Why Q and K Had to Exist: The Naming Decision at the Core of Self-Attention
Q and K are separate learned projections of the same embedding because relevance is asymmetric — what's searching vs. what's available to be found. Using the raw embedding against itself makes every token attend maximally to itself.
A team is debugging why the token "agreed" attends heavily to "surgeon" six positions away, while nearly ignoring "the" sitting one position to its left. Attention weights are printed. The numbers are real. The question is why the mechanism works this way at all — why the thing that measures relevance needs two separate components instead of one.
The naive design would be to score every token against every other token by computing the dot product of their raw embeddings. Token A's vector dotted with token B's vector gives a scalar — do that for all pairs, normalize, and you have attention weights. It is simple. It is also broken from the first forward pass.
The problem is that an embedding vector is optimized to encode what a token means, not to encode two different things simultaneously: what this token is looking for, and what this token has to offer. These are not the same question. "surgeon" encodes a semantic cluster around medical expertise and action. But whether "surgeon" is a good match for what "agreed" is searching for depends on the syntactic and semantic context of the verb — a dimension that the raw embedding of "agreed" was never trained to express directly.
Worse: if you score a token against itself using its raw embedding, the dot product of a vector with itself is always its squared magnitude — the largest possible score. Every token becomes its own best match by default. Attention collapses. Every position attends to itself and ignores everything else.

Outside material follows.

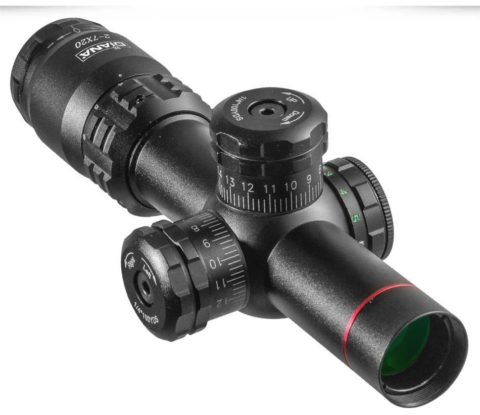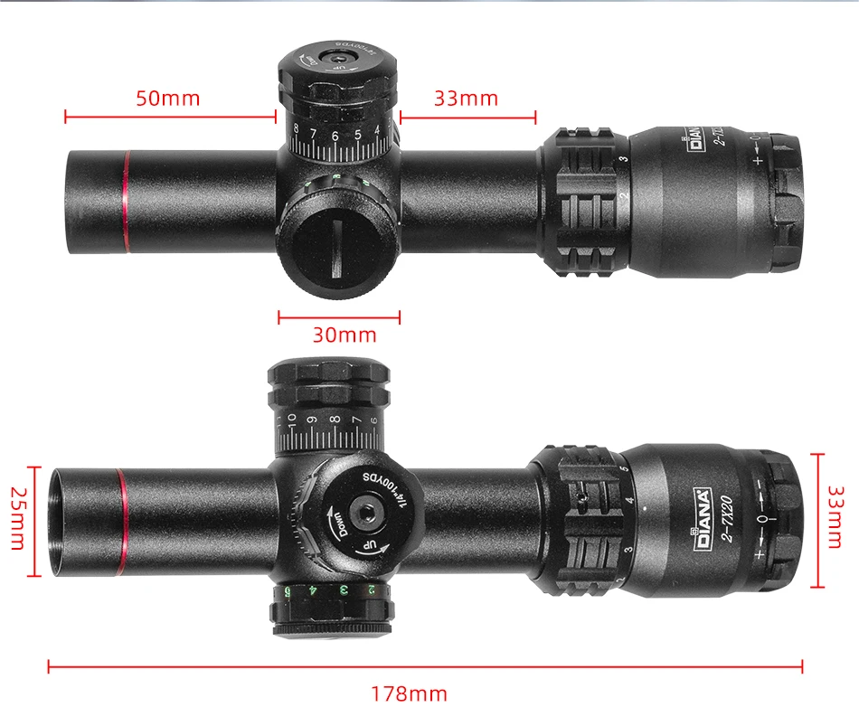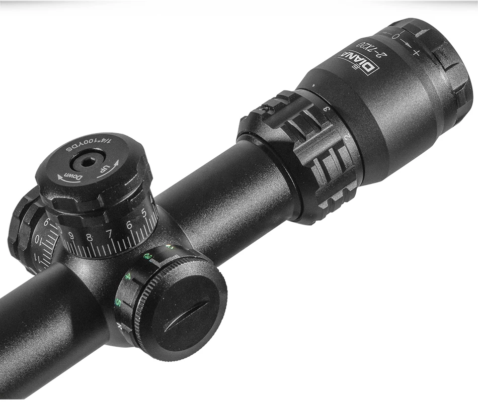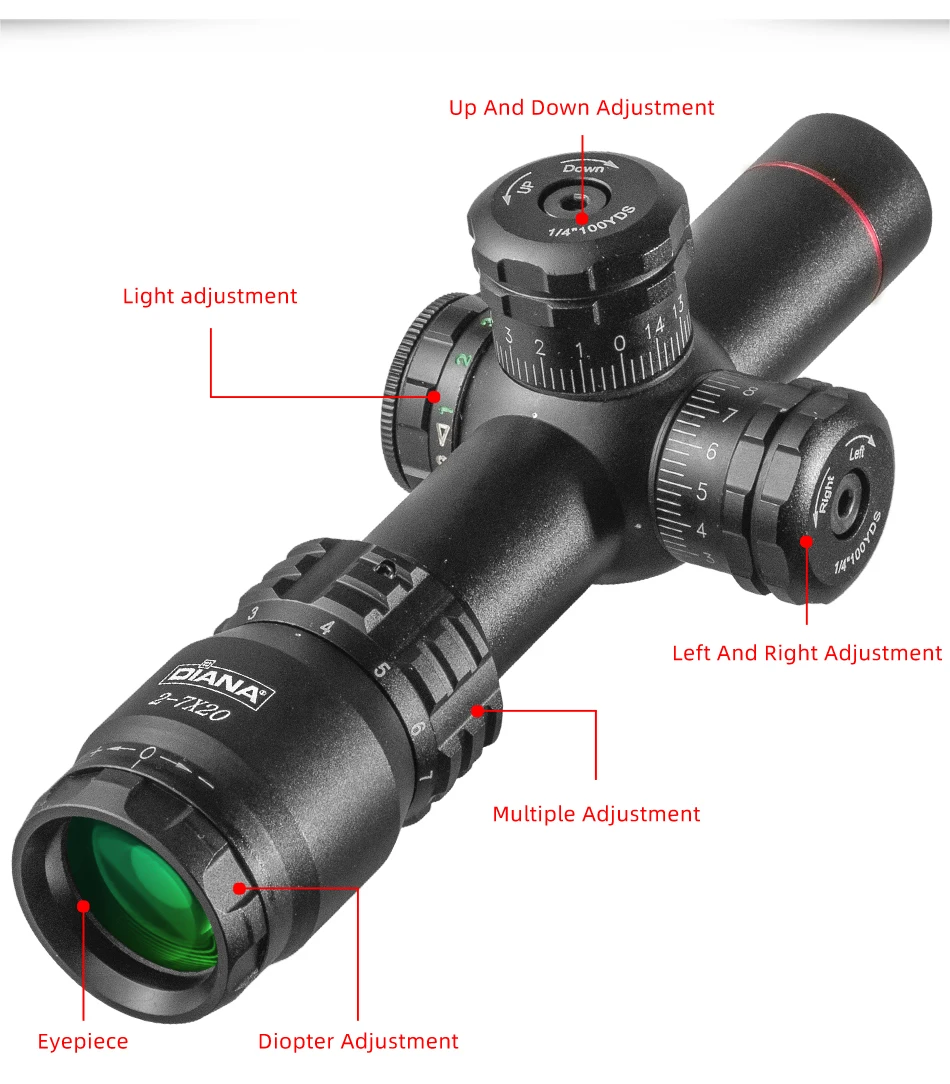 RU DIANA-mira telescópica óptica para Rifle de caza, equipo de francotirador con punto rojo y verde, 2-7X20

The constraint this creates is exact: you need two different linear projections of each embedding — one that encodes what this token is searching for, and one that encodes what this token offers to others searching. The first is learned by a weight matrix W_Q. The second is learned by W_K. Both are applied to the same input embedding. The result is a Query vector and a Key vector for each token, living in a lower-dimensional projection space where dot products measure relevance along the axes that actually matter for the task.
Token embeddings (d_model = 512):
"agreed" → x_a [512 floats — encodes verb semantics]

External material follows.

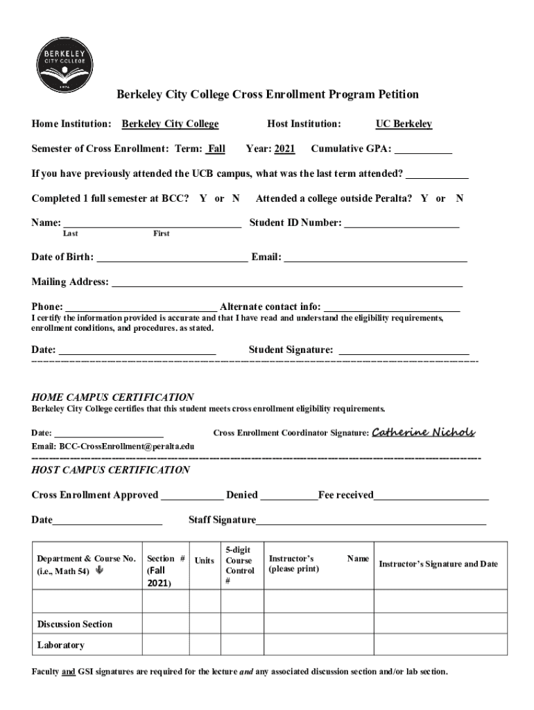 Berkeley City College Cross Enrollment Program Petition

"surgeon" → x_s [512 floats — encodes profession semantics]
Project through learned matrices (d_k = 64):
Q_agreed = x_a · W_Q [64 floats — "what am I looking for?"]
K_surgeon = x_s · W_K [64 floats — "what do I offer?"]
Score:
score = Q_agreed · K_surgeon / sqrt(64)
= 3.71 ← high: "agreed" is searching for an agent noun
score = Q_agreed · K_the / sqrt(64)
= 0.12 ← low: "the" offers nothing on that axis
Softmax over all scores → attention weights → weighted sum of V vectors
The division by sqrt(d_k) — 8.0 in this case — is not cosmetic. Without it, the dot products grow in magnitude as d_k grows, pushing the softmax into saturation where gradients vanish. Scaling keeps the distribution in a learnable regime.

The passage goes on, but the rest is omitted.